Ces droits comprennent notamment : [...] 5o le droit à l'épanouissement culturel et social. » B.5.3. L'article 27 du Pacte international relatif aux droits civils et politiques dispose : « Dans les Etats où il existe des minorités ethniques, religieuses ou linguistiques, les personnes appartenant à ces minorités ne peuvent être privées du droit d'avoir, en commun avec les autres membres de leur groupe, leur propre vie culturelle, de professer et de pratiquer leur propre religion, ou d'employer leur propre langue. » B.5.4. La Cour doit par conséquent examiner si la disposition attaquée fixe des conditions discriminatoires pour l'exercice du droit à l'épanouissement culturel et social ou si elle porte atteinte de façon discriminatoire au droit des habitants francophones de la commune de Rhode-Saint-Genèse d'avoir, en commun avec les autres membres de leur groupe, leur propre vie culturelle.

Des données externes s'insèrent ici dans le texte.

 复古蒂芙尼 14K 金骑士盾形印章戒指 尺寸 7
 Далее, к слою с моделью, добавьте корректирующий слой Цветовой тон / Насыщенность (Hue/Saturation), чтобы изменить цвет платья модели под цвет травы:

B.6.1. La partie requérante s'estime discriminée parce que la disposition attaquée traite les communes à facilités de la même manière que les autres communes.

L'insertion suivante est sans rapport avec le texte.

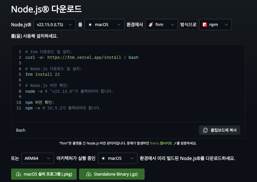 npm 설치 - 개발 pc에 전역 패키지 설치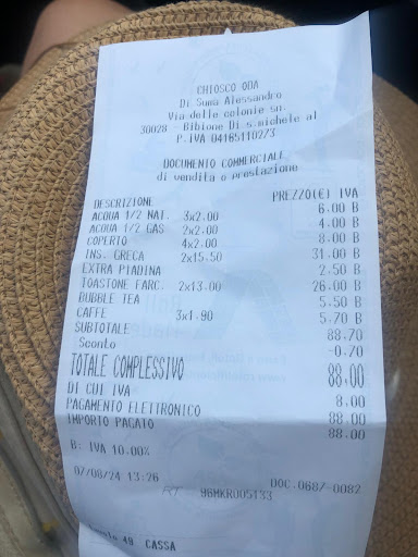 Read moreOk che i prezzi sono sia sul listino che on line,ok che siete in una delle spiagge più belle del litorale (tenendo conto che il bello è soggettivo) saranno anche esposti in bella vista e non li ho visti, ma siamo sinceri in VENETO NON SI PUÒ PAGARE 6,5 € per UNO SPRITZ !!!! ---Chiosco Oda Bibione (proprietario) 6 giorni fa Valeria ci dispiace leggere la tua recensione, in parte ti sei già risposta da sola, i nostri spritz vengono serviti con degli apetizer in sacchetto monodose quindi è sicuramente un ottimo ed abbondante aperitivo!--- Questa è la risposta del proprietario, purtroppo non so come rispondere o come fare un'altra recensione quindi modifico questa: Abbondante per me è un'altra cosa, stiamo parlando di taralli e patatine confezionate anche la definizione di ottimo mi sembra esagerata!! vedo che in molti si lamentano dei prezzi quindi forse non siete così trasparenti. Io non guardo mai il listino per sapere quanto costa lo spritz perché è ignobile farlo pagare più di 5 euro. Potete rispondere con tutte le scuse che vi vengono in mente ma per me non è un posto in cui tornerei (non sentirete di certo la mia mancanza) o che non...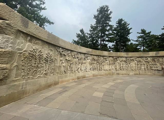 小路的尽头是小广场,中间一颗挂满红飘带的许愿树,两侧是龙门石窟被盗卖到美国的“帝王礼佛图”和“帝后礼佛图”的仿制品。不明白为什么做这个,有点令人费解。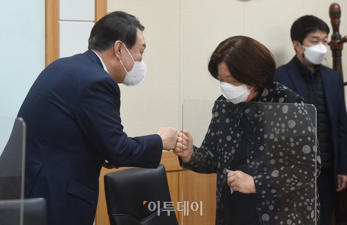윤석열 국민의힘 대선 후보가 21일 오후 서울 강남구 한국과학기술회관에서 열린 한국과학기술단체총연합회 간담회에서 참석자들과 인사를 나누고 있다. 국회사진취재단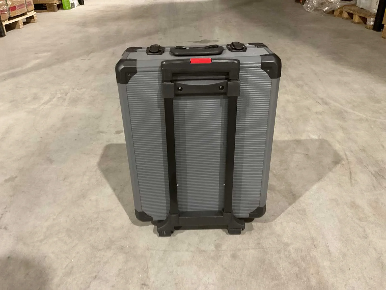 Voorzien van Schroevendraaierset; Zaag; Waterpas; Hamer; Bitset; Inbussleutels; Spanningsmeter; Handgereedschap; Spijkers; pluggen; Aluminium Koffer; Telescoop handgreep; wielen; ongebruikt in doos Merk: SW Tool Type: 399PCS Aluminium: true Metaal: true Met inhoud: true Afmeting l: 38.5mm Afmeting b: 20.5mm Afmeting h: 52mm Eigen gewicht: 13kg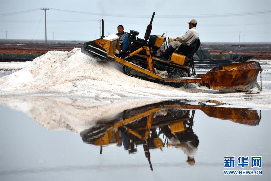 魯北鹽場(chǎng)工人在鹽池中收獲海鹽(10月9日攝)。新華社記者 朱崢 攝

B.6.2. Une réglementation uniforme n'est contraire au principe d'égalité et de non-discrimination que lorsque des catégories de personnes qui se trouvent dans des situations essentiellement différentes sont traitées de façon identique sans qu'existe pour cela une justification raisonnable.

B.6.3. Le régime linguistique spécial applicable à la commune requérante implique que la bibliothèque publique qu'elle organise rédige également en français les avis, les communications et les formulaires destinés au public et qu'elle réponde en français aux personnes qui se servent de cette langue. Ce régime n'a pas pour effet de placer cette commune dans une situation à ce point différente des autres communes appartenant à la même région linguistique unilingue qu'elle imposerait au législateur décrétal de la traiter de manière différente quant au régime de subventionnement des bibliothèques.

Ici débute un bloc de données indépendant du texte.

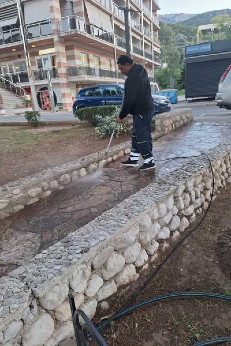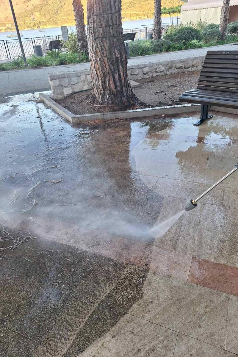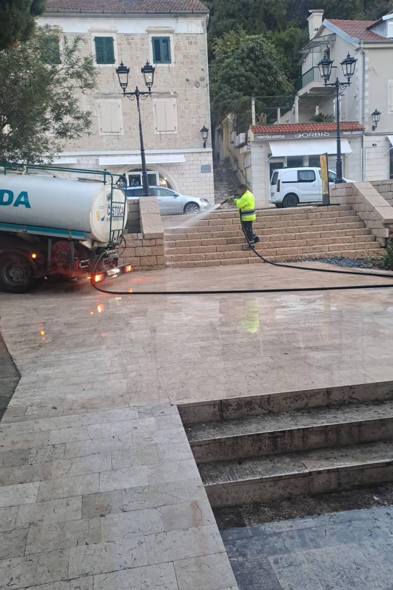 Nastavak aktivnosti pranja. Jutros je prano u starom gradu, plato ispred zgrade Opštine, ulica Branka Ćopića, igralište kod škole "Milan Vuković" i rivijera od Porto Novog do Đenovića (jun, 2025.g.).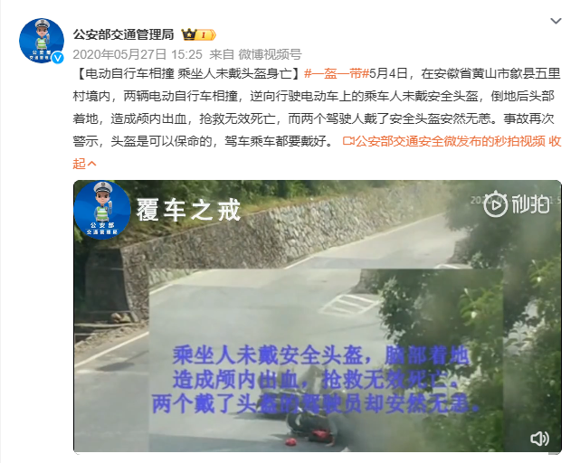 还有一个案例则不那么幸运,有两辆电动自行车相撞,其中戴头盔的两人完好无损,未戴头盔的人因为头撞到地上,伤重不幸去世。

B.6.4. Le fait que la commune de Rhode-Saint-Genèse soit située dans la région de langue néerlandaise peut donc justifier que le législateur décrétal décide que la bibliothèque publique communale de cette commune doit affecter, comme dans les autres communes de la région de langue néerlandaise, un pourcentage déterminé de son budget à l'achat de publications en langue néerlandaise si cette bibliothèque souhaite pouvoir bénéficier d'une subvention de la Communauté flamande.

Un pourcentage de 75 p.c. ne peut, de ce point de vue, être considéré comme disproportionné à l'objectif poursuivi. La disposition laisse une marge suffisante pour l'acquisition de publications en d'autres langues. En outre, il ne ressort ni de la disposition attaquée, ni du décret dont cette disposition fait partie, que les communes ne pourraient, dans le respect de la législation linguistique en vigueur, maintenir, créer ou subsidier des bibliothèques qui ne répondraient pas aux conditions de la disposition attaquée.

B.7. La disposition en cause ne porte pas atteinte de manière discriminatoire aux droits consacrés par l'article 23 de la Constitution et par l'article 27 du Pacte international relatif aux droits civils et politiques.

Le moyen ne peut être admis.

Quant au second moyen B.8. Le deuxième moyen est pris de la violation de l'article 41, combiné avec les articles 10 et 11, de la Constitution, en ce que la disposition attaquée ne permet à la requérante d'accorder des subventions qu'aux bibliothèques qui affectent annuellement à des publications en langue néerlandaise 75 p.c. au moins des fonds destinés à l'acquisition de matériel imprimé, alors que les intérêts communaux et provinciaux exclusifs doivent être réglés par les conseils communaux ou provinciaux conformément aux règles de la Constitution. En tant qu'elle ne pourrait pas subventionner les bibliothèques francophones affectant plus de 25 p.c. de leur budget à l'acquisition de publications en langue française, la partie requérante serait obligée de discriminer ses habitants francophones par rapport à ses habitants néerlandophones.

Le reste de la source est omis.